→ MATERIAL SHOWN
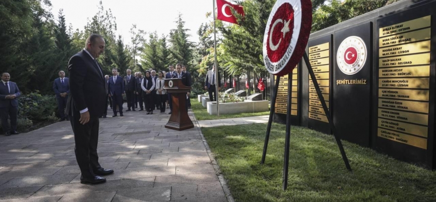 Saygı duruşuyla başlayan törende konuşan Çavuşoğlu, "1973'ten bu yana terör örgütlerinin temsilciliklerimizi hedef alan saldırılarında diplomatlarımız ile aile mensuplarından 41 şehit verdik. Her sabah Bakanlığımızın girişinde aziz şehitlerimizin altın harflerle yazılı isimlerini görerek mesaimize başlıyoruz. Şehitlerimizin hatıralarını başta şehadet şerbetini içtikleri ülkelerde yaptırdığımız anıt ve plaketlerle her yıl düzenlediğimiz anma törenleriyle yaşatıyoruz." dedi.
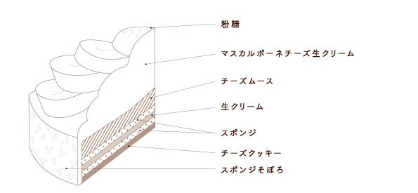 創業以来守り続けているこだわりのスポンジ生地は卵の比率が高く、しっとりふわふわの食感が特徴です。このスポンジだからこそ、チーズムース、マスカルポーネチーズ生クリームとの相性の良さが際立ち、軽やかで上質でな味わいを作り上げています。
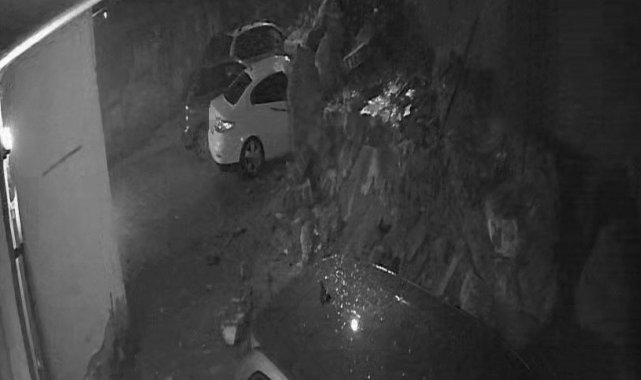 Maltepe'de gece saatlerinde etkili olan yağışın ardından bir binanın istinat duvarı çöktü. Duvarla birlikte kaldırım da park halindeki 3 otomobilin üzerine devrilirken, olayda yaralanan olmadı. Olay anı saniye saniye güvenlik kamerasına yansıdı
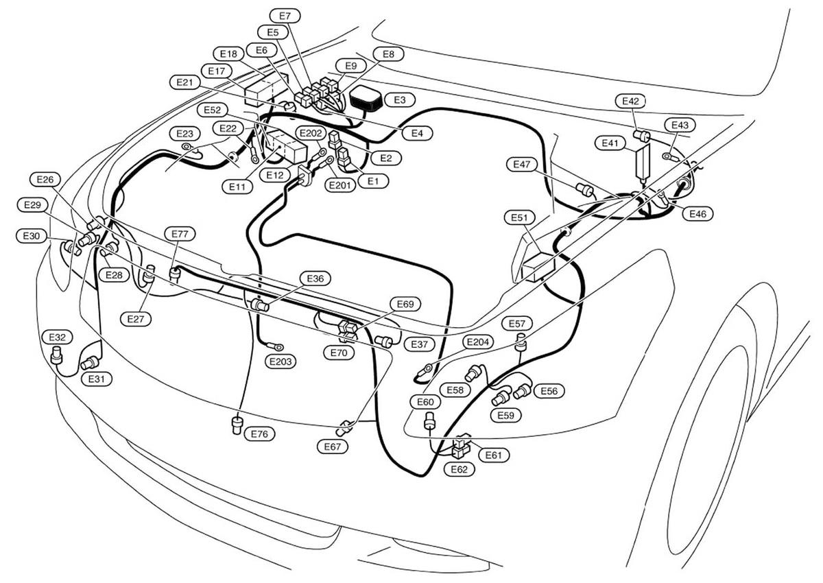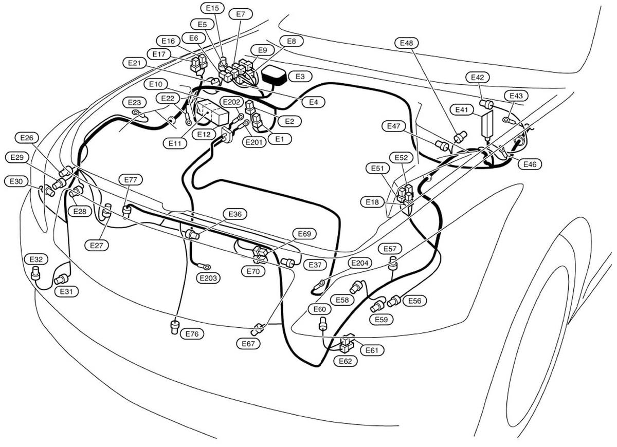 | Relay Box (Sedan) (E12) | Right rear of engine compartment. See Figure. |
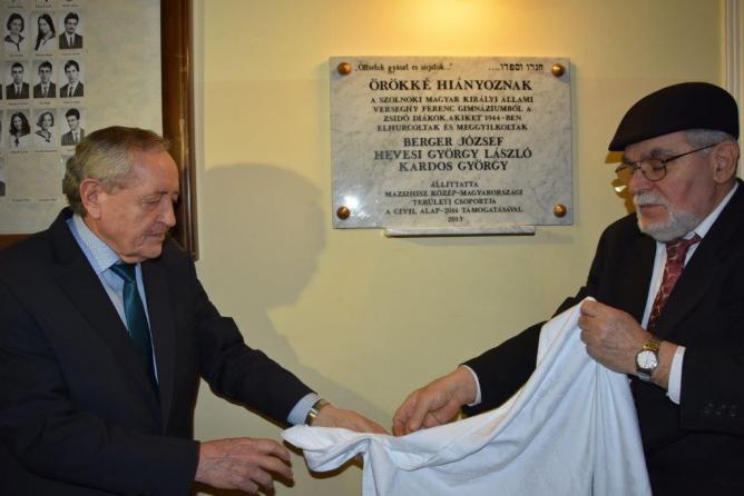 Emléktáblát helyezett el az 1944-ben elhurcolt és meggyilkolt tanulók emlékére a szolnoki Verseghy Ferenc Gimnázium falán a Magyarországi Zsidó Hitközségek Szövetsége (Mazsihisz) közép-magyarországi területi csoportja a Civil Alap 2014 támogatásával a holokauszt-emlékév részeként szerdán.
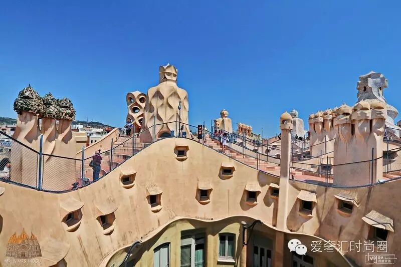 高迪设计的最后一个私人住宅,屋顶高低错落,墙面凹凸不平,到处可见蜿蜒起伏的曲线,整座大楼宛如波涛汹涌的海面,富于动感。33个阳台让每一个房间都能双面采光。阳台围栏用的是生锻的钢铁,像海藻一样妖娆多变。
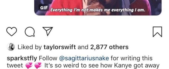 One of her fan accounts called Kayne out writing, “The famous music video was straight up revenge porn. not to mention putting abuse victims next to their abusers and celebrating sexual assaulters. it was disgusting and he doesn’t get enough crap for it.” VERY opinionated and also not wrong. Swift definitely seems to agree. She appeared in the likes section of this post, double tapping and thereby agreeing with the sentiments of the Instagram caption.
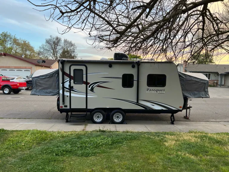 Lightweight 20' Hybrid RV expands out to 25', easy to tow RV with room for up to 8 (but most comfortable for 5). This rig weighs 3600 lbs, with a hitch weight of 410 lbs. Includes weight distribution hitch. Great for SUVs and half ton pickups!What's includedFeatures 2 queen fold out mattresses, a futon conversion mattress, and a dinette sleeper conversion. (Pillows and linens not provided)Fully equipped with dual kitchen sinks, 3 burner stove, oven, microwave, freezer/refrigerator, flat screen tv, DVD player, bluetooth, AM/FM Radio, AC/heater. Power retractable awning is great for hanging out outside.Kitchen amenities include: frying pan, a large and medium pot, a water kettle, bottle opener, can opener, forks/spoons/butter knives, kitchen knives, cooking utensils, mixing bowls, cutting board, kitchen towels, bowls, cups, plates, and cool camping mugs!Toilet paper, dish soap, and hand soap included!Other things to noteNo petsNo smoking of any kind (electronic or conventional).No festivals.
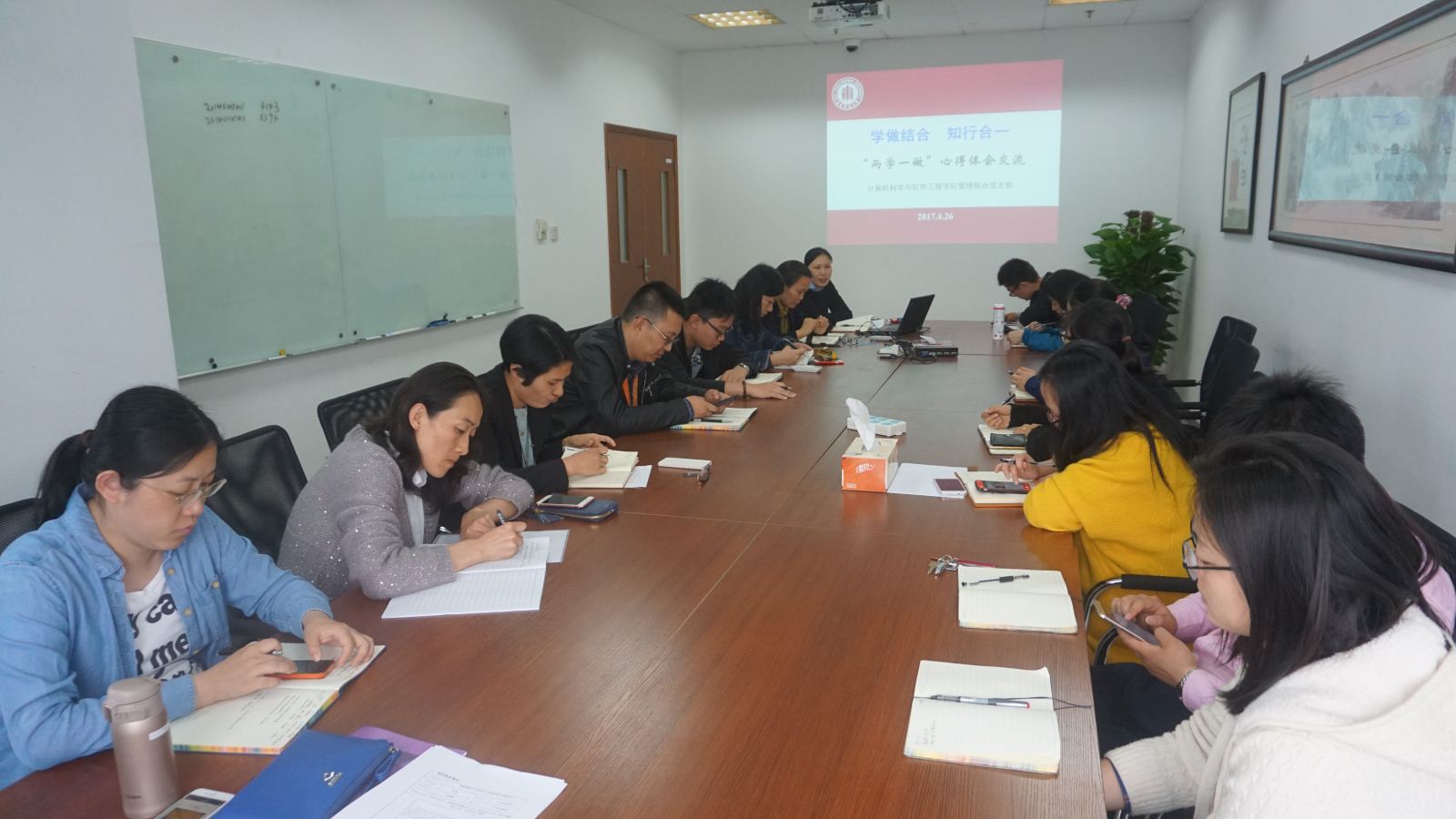 为全面落实“两学一做”学习教育常态化,深入探讨交流,强化党员的组织和身份认同,计算机科学与bat365中文官网入口管理联合党支部于4月26日中午12:30-14:30在理科大楼1102召开“学做结合 知行合一”“两学一做”心得交流会,全体党员参加会议,会议由党支部书记谢书玲同志主持。

→ ASSIGNED TASK
Restate the records above in full, word for word. Keep pictures out.

→ EXERCISE SOLUTION
 Saygı duruşuyla başlayan törende konuşan Çavuşoğlu, "1973'ten bu yana terör örgütlerinin temsilciliklerimizi hedef alan saldırılarında diplomatlarımız ile aile mensuplarından 41 şehit verdik. Her sabah Bakanlığımızın girişinde aziz şehitlerimizin altın harflerle yazılı isimlerini görerek mesaimize başlıyoruz. Şehitlerimizin hatıralarını başta şehadet şerbetini içtikleri ülkelerde yaptırdığımız anıt ve plaketlerle her yıl düzenlediğimiz anma törenleriyle yaşatıyoruz." dedi.
 創業以来守り続けているこだわりのスポンジ生地は卵の比率が高く、しっとりふわふわの食感が特徴です。このスポンジだからこそ、チーズムース、マスカルポーネチーズ生クリームとの相性の良さが際立ち、軽やかで上質でな味わいを作り上げています。
 Maltepe'de gece saatlerinde etkili olan yağışın ardından bir binanın istinat duvarı çöktü. Duvarla birlikte kaldırım da park halindeki 3 otomobilin üzerine devrilirken, olayda yaralanan olmadı. Olay anı saniye saniye güvenlik kamerasına yansıdı
 | Relay Box (Sedan) (E12) | Right rear of engine compartment. See Figure. |
 Emléktáblát helyezett el az 1944-ben elhurcolt és meggyilkolt tanulók emlékére a szolnoki Verseghy Ferenc Gimnázium falán a Magyarországi Zsidó Hitközségek Szövetsége (Mazsihisz) közép-magyarországi területi csoportja a Civil Alap 2014 támogatásával a holokauszt-emlékév részeként szerdán.
 高迪设计的最后一个私人住宅,屋顶高低错落,墙面凹凸不平,到处可见蜿蜒起伏的曲线,整座大楼宛如波涛汹涌的海面,富于动感。33个阳台让每一个房间都能双面采光。阳台围栏用的是生锻的钢铁,像海藻一样妖娆多变。
 One of her fan accounts called Kayne out writing, “The famous music video was straight up revenge porn. not to mention putting abuse victims next to their abusers and celebrating sexual assaulters. it was disgusting and he doesn’t get enough crap for it.” VERY opinionated and also not wrong. Swift definitely seems to agree. She appeared in the likes section of this post, double tapping and thereby agreeing with the sentiments of the Instagram caption.
 Lightweight 20' Hybrid RV expands out to 25', easy to tow RV with room for up to 8 (but most comfortable for 5). This rig weighs 3600 lbs, with a hitch weight of 410 lbs. Includes weight distribution hitch. Great for SUVs and half ton pickups!What's includedFeatures 2 queen fold out mattresses, a futon conversion mattress, and a dinette sleeper conversion. (Pillows and linens not provided)Fully equipped with dual kitchen sinks, 3 burner stove, oven, microwave, freezer/refrigerator, flat screen tv, DVD player, bluetooth, AM/FM Radio, AC/heater. Power retractable awning is great for hanging out outside.Kitchen amenities include: frying pan, a large and medium pot, a water kettle, bottle opener, can opener, forks/spoons/butter knives, kitchen knives, cooking utensils, mixing bowls, cutting board, kitchen towels, bowls, cups, plates, and cool camping mugs!Toilet paper, dish soap, and hand soap included!Other things to noteNo petsNo smoking of any kind (electronic or conventional).No festivals.
 为全面落实“两学一做”学习教育常态化,深入探讨交流,强化党员的组织和身份认同,计算机科学与bat365中文官网入口管理联合党支部于4月26日中午12:30-14:30在理科大楼1102召开“学做结合 知行合一”“两学一做”心得交流会,全体党员参加会议,会议由党支部书记谢书玲同志主持。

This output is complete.